Meissner corpuscles and their spatially intermingled afferents underlie gentle touch perception

The Meissner corpuscle, a mechanosensory end organ, was discovered more than 165 years ago and has since been found in the glabrous skin of all mammals, including that on human fingertips. Although prominently featured in textbooks, the function of the Meissner corpuscle is unknown. Neubarth et al. generated adult mice without Meissner corpuscles and used them to show that these corpuscles alone mediate behavioral responses to, and perception of, gentle forces (see the Perspective by Marshall and Patapoutian). Each Meissner corpuscle is innervated by two molecularly distinct, yet physiologically similar, mechanosensory neurons. These two neuronal subtypes are developmentally interdependent and their endings are intertwined within the corpuscle. Both Meissner mechanosensory neuron subtypes are homotypically tiled, ensuring uniform and complete coverage of the skin, yet their receptive fields are overlapping and offset with respect to each other. Science, this issue p. eabb2751; see also p. 1311 Light touch perception and fine sensorimotor control arise from spatially overlapping mechanoreceptors of the Meissner corpuscle.
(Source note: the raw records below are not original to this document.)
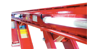
Optional Shatterproof Fluorescent or LED 24V Runway lighting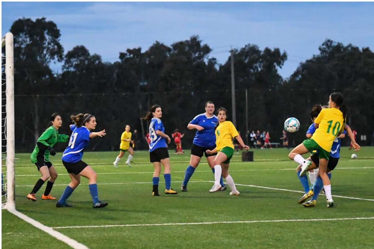
2022 – Iceland v Australia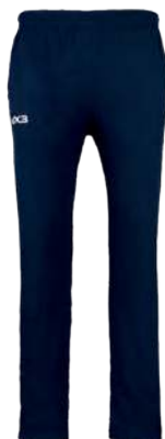
Braca Trackpants Navy Youth: BRAC25 Adult: BRAC23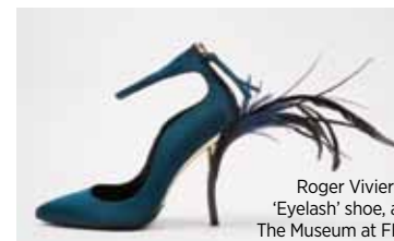
Roger Vivier's 'Eyelash' shoe, at The Museum at FIT

Get your culture fix in New York this month, with Shoe Obsession at The Museum at FIT ( Fitnyc.edu ) until April 13, which looks at our culture's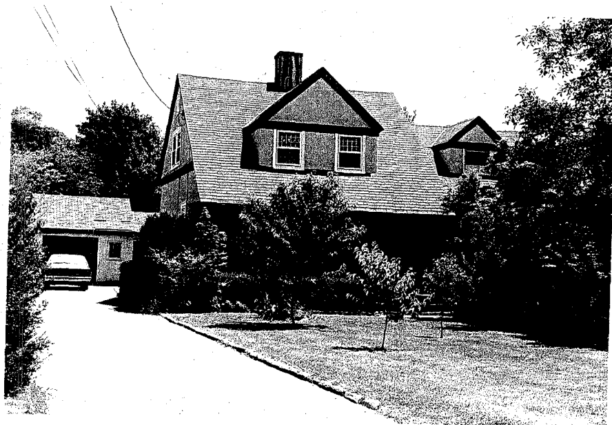
32 Dale Drive, the Messler House, formerly the home of Frederick G. Bourne's chief Mechanic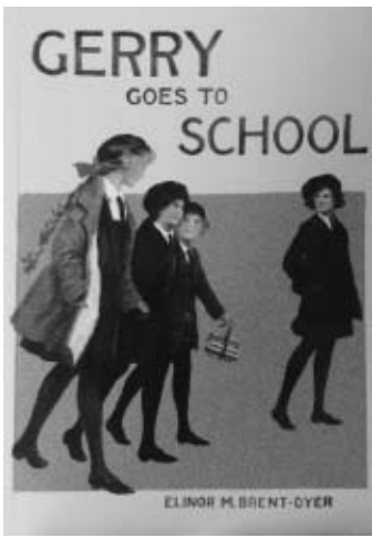
Elinor Brent-Dyer's first published novel was published in 1922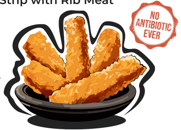
*Not actual product image

INGREDIENT STATEMENT: Chicken Breast with Rib Meat, Water, Chicken Marinade Mix (Chicken Broth, Salt, Citrus Flour, Sodium Bicarbonate, Yeast Extract, Extractives of Rosemary, Silicon Dioxide). BREADED WITH: Whole Wheat Flour, Enriched Wheat Flour (Wheat Flour, Niacin, Reduced Iron, Thiamine Mononitrate, Riboflavin, Folic Acid), Water, Modified Wheat Starch, Modified Corn Starch, Potato Starch, Salt, Wheat Gluten, Garlic Powder, Contains less than 2% of: Onion Powder, Spices (Black Pepper, Celery Seed, Thyme, White Pepper), Leavening (Sodium Acid Pyrophosphate, Sodium Bicarbonate), Soybean Oil, Dextrose, Yeast Extract, Extractives of Paprika, Guar Gum, Natural Flavor (Extractives of Black Pepper), Breading Set in Vegetable Oil ALLERGENS: Wheat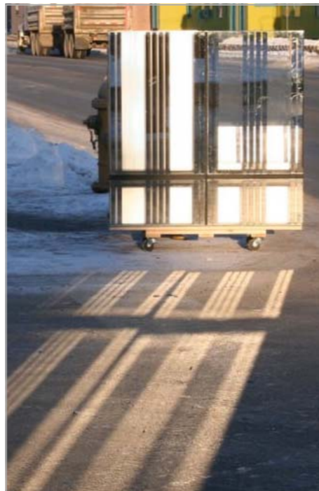
Reflection and transparency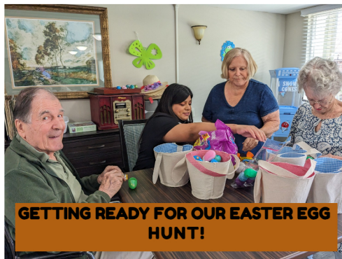
GETTING READY FOR OUR EASTER EGG HUNT!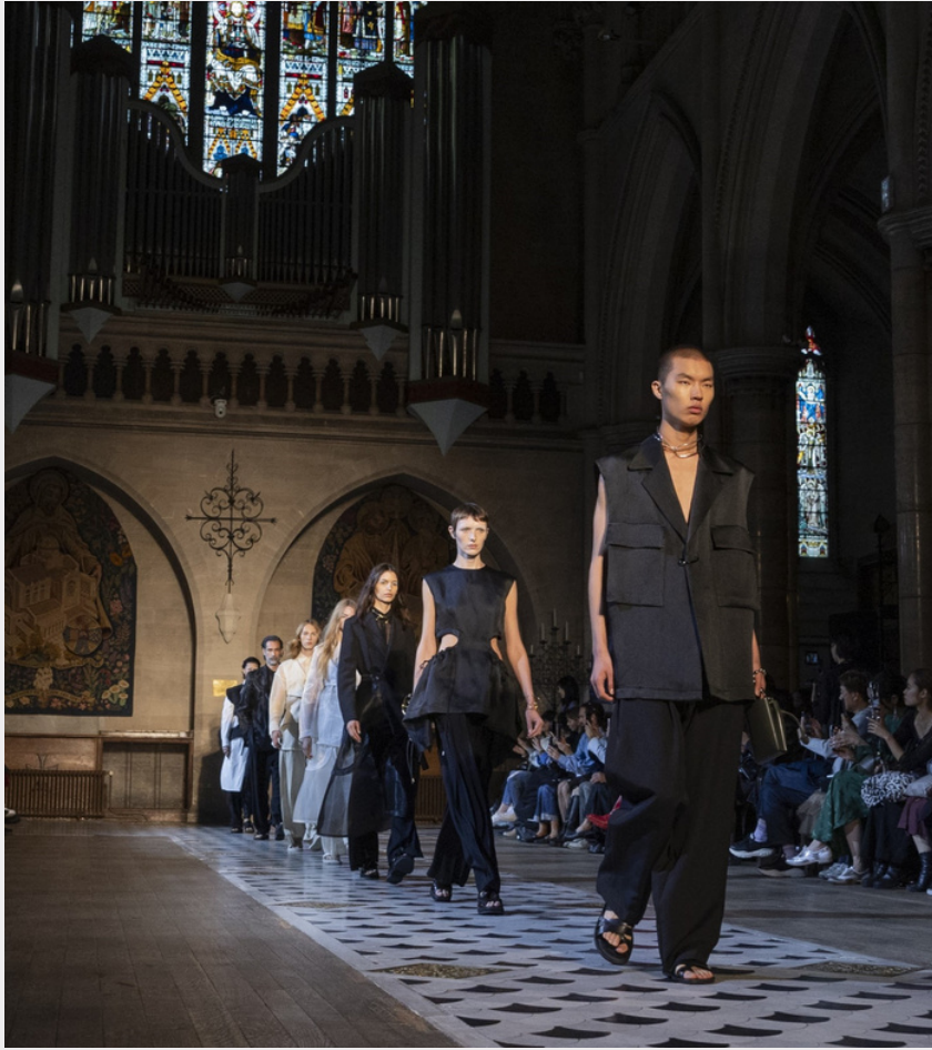
Read – At Paris Fashion Week SS24, Ujoh Delivers a Lesson in Divine Tailoring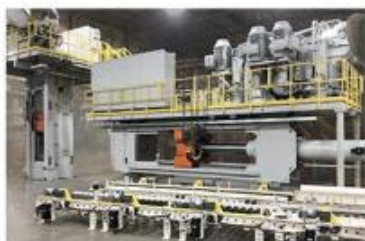
550TON EXTRUSION MACHINE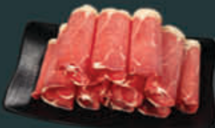
Sliced Lamb (100) G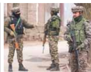
Security personnel stand guard near the site of the encounter, at Gujjarpatli area in Sopore, Baramulla district of Jammu and Kashmir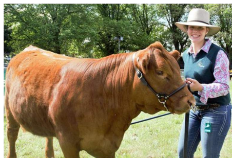
See prize livestock at the Kyneton Show on Sat Nov 19

Get in early and buy your tickets online: www.kynetonshow.org.au .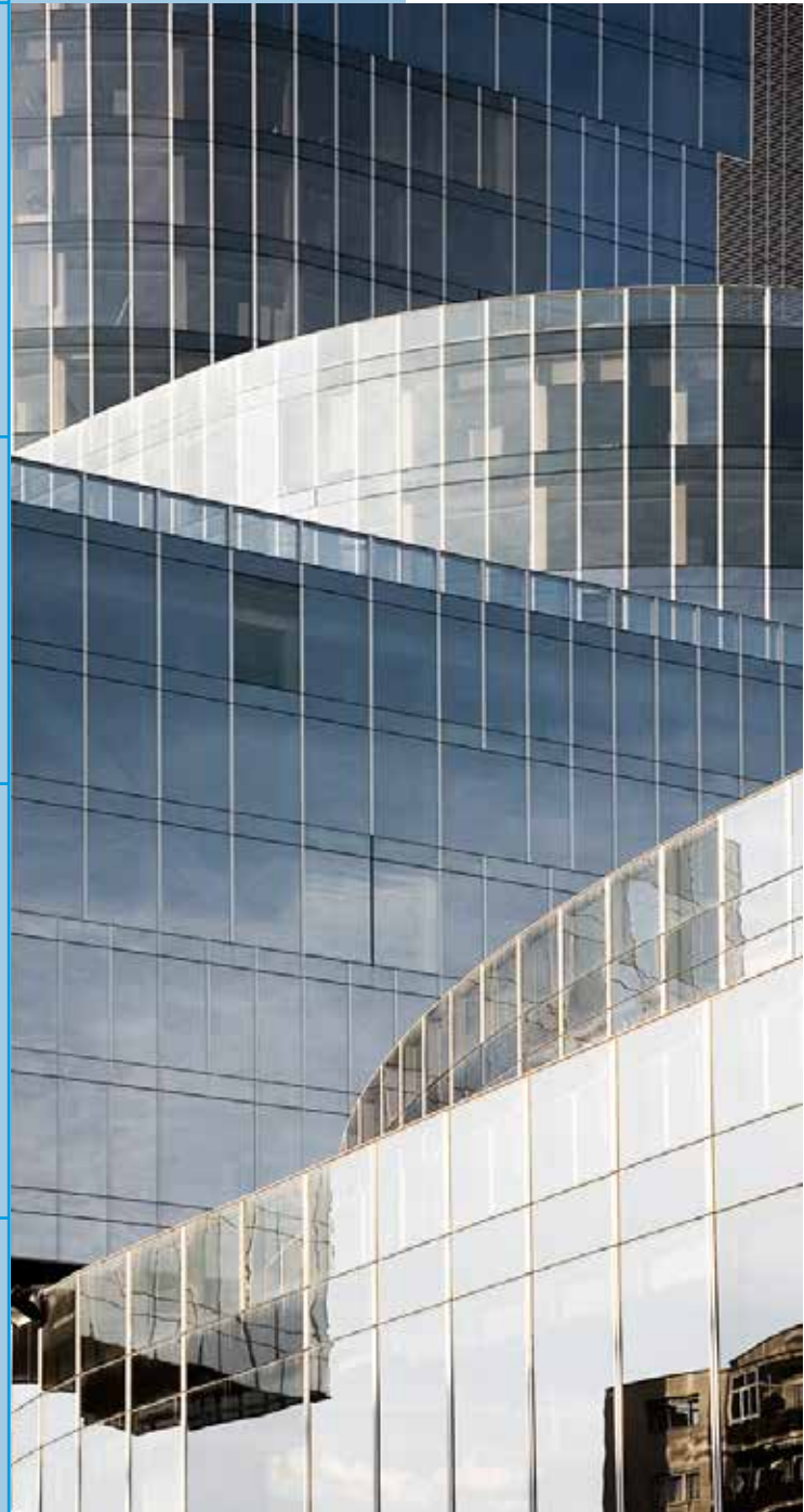
Torre Gas Natural - Barcelona - Spain - Stopsol Classic Clear

For more information, please consult the Stopsol Processing Guide on www.yourglass.com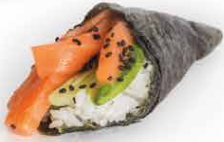
Sake .....98 mxn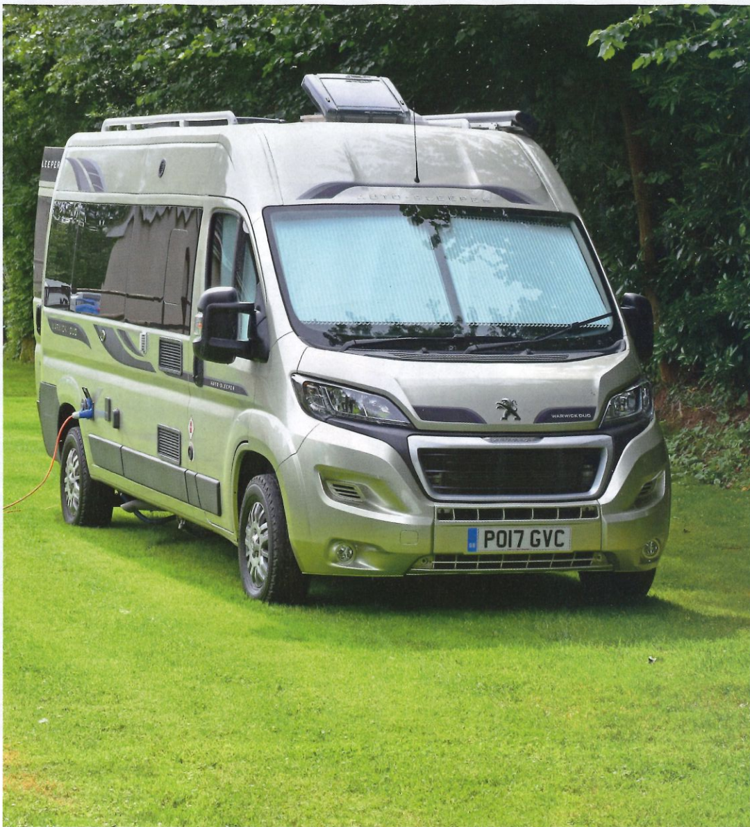
The Duo looked good on our grass pitch at Moorhampton, one of our favourite sites, and passers-by weren't slow to let us know it!

→ set up by pulling out the two seat base frames to create the bed base – all easy to do, and completed in less than a minute.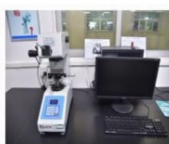
HARDNESS TESTER 硬度测试仪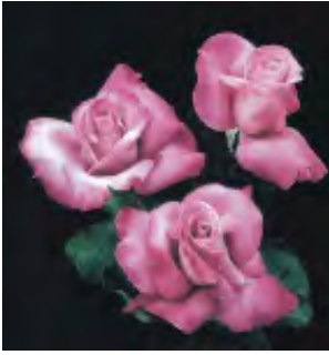
Fragrant Plum - a highly fragrant lavender Hybrid Tea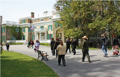
Springwood, Franklin D. Roosevelt's home, Hyde Park

In the 20th century, President Franklin D. Roosevelt led the United States out of the Great Depression and through the turmoil of World War II. Roosevelt was born at Springwood, the family estate in Hyde Park. Though it remained his lifelong home, Roosevelt felt the need for greater privacy and solitude while he was President and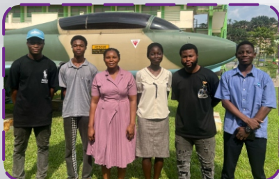
(Members of AFCF on an expansion activity to University of mines and technology, Ghana)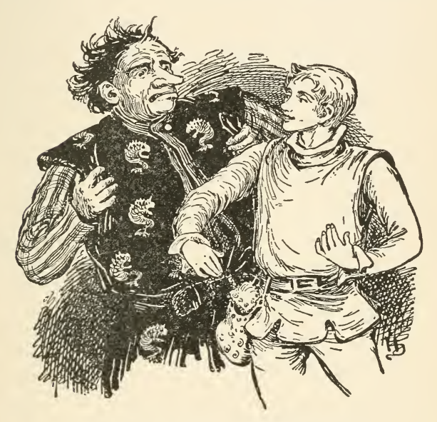
"YOU'LL BE LIKE A BABY BESIDE HIM."

only civil to tell you that whether I go or stay my master will come here after me, as once on the trail of the brazen brogues he never leaves it, so you had better be prepared. Hush! there, don't you hear that?" as a gust of wind swept round the tower;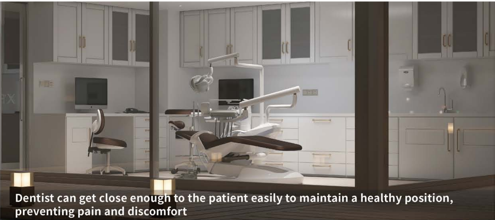
Dentist can get close enough to the patient easily to maintain a healthy position, preventing pain and discomfort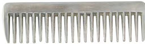
V-707 GROOMING EQUIPMENTS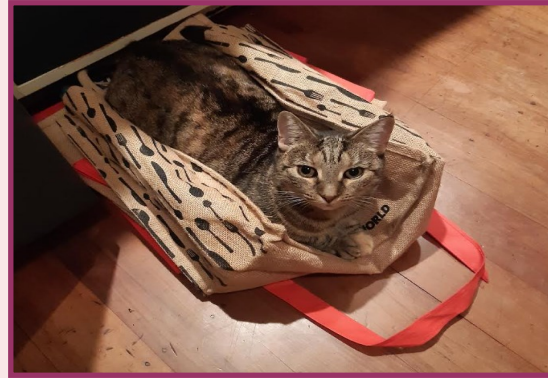
We know the 'Cat in the Hat' but... This cat loves shopping bags!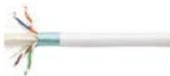
Cat 6A F/UTP - White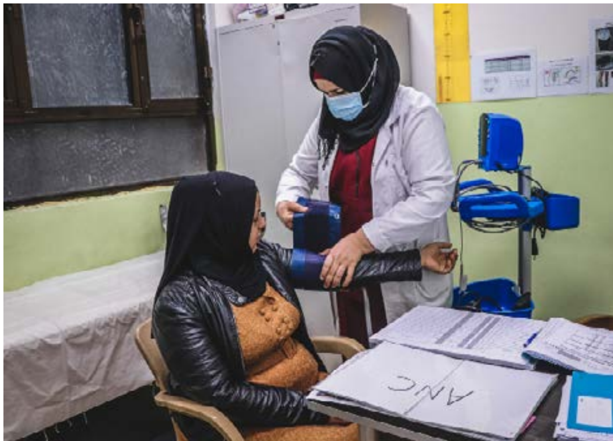
Midwife checking blood pressure of a pregnant women in Al Amal maternity, West Mosul, 2022

In Al-Rafidain primary healthcare centre in West Mosul, MSF runs Al-Amal maternity clinic. Our teams there provide sexual and reproductive healthcare services, such as non-surgical obstetric and maternity care, antenatal and postnatal consultations and family planning services. In 2021, our teams assisted in 4,418 deliveries and provided 9,112 antenatal and 1,235 postnatal consultations and 6,199 family planning consultations. They also provided 7,368 mental health consultations and 903 health education sessions.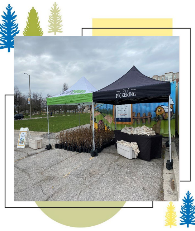
Take Pride in Pickering shrub giveaway

Take Pride in Pickering initiatives were a joint partnership with Environmental Stewardship Pickering (a partnership with the City, Ontario Power Generation, and Toronto and Region Conservation Authority).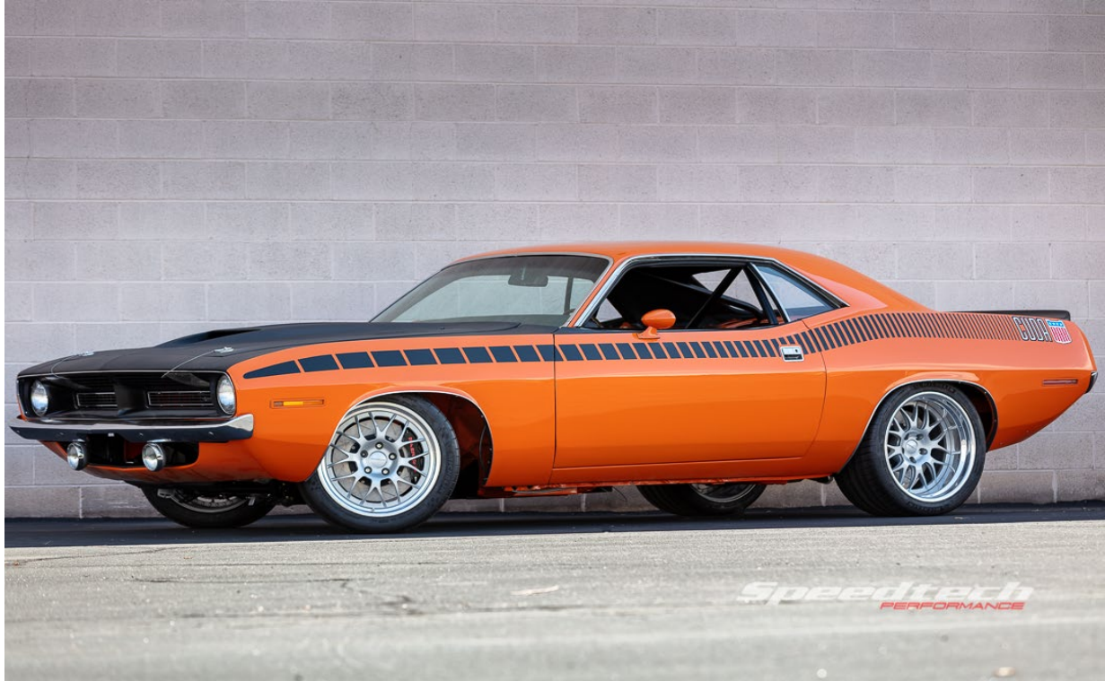
Figure 1: 1970 AAR Cuda, features our ExtReme Subframe and IRS

Congratulations on the purchase of your new Speedtech Performance hemi engine mount adapters. Use only approved and appropriately rated jack and jack stands, and be sure to take all safety precautions required to complete the job safely and correctly. If you have uncertainties, seek the assistance of a highly qualified workshop to assist you.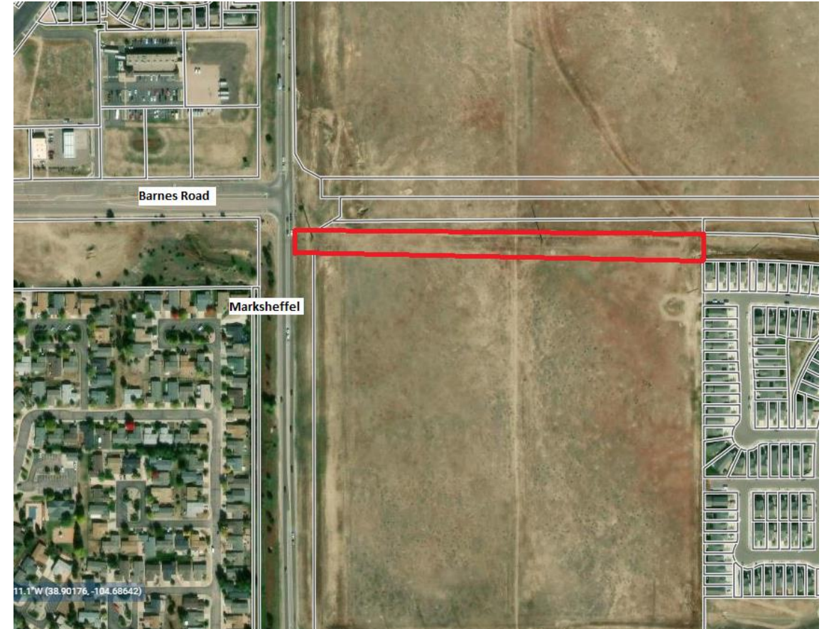
Marksheffel Rd. and Barnes Rd.

Meissner corpuscles are mechanosensory end organs that densely occupy mammalian glabrous skin. We generated mice that selectively lacked Meissner corpuscles and found them to be deficient in both perceiving the gentlest detectable forces acting on glabrous skin and fine sensorimotor control. We found that Meissner corpuscles are innervated by two mechanoreceptor subtypes that exhibit distinct responses to tactile stimuli. The anatomical receptive fields of these two mechanoreceptor subtypes homotypically tile glabrous skin in a manner that is offset with respect to one another. Electron microscopic analysis of the two Meissner afferents within the corpuscle supports a model in which the extent of lamellar cell wrappings of mechanoreceptor endings determines their force sensitivity thresholds and kinetic properties.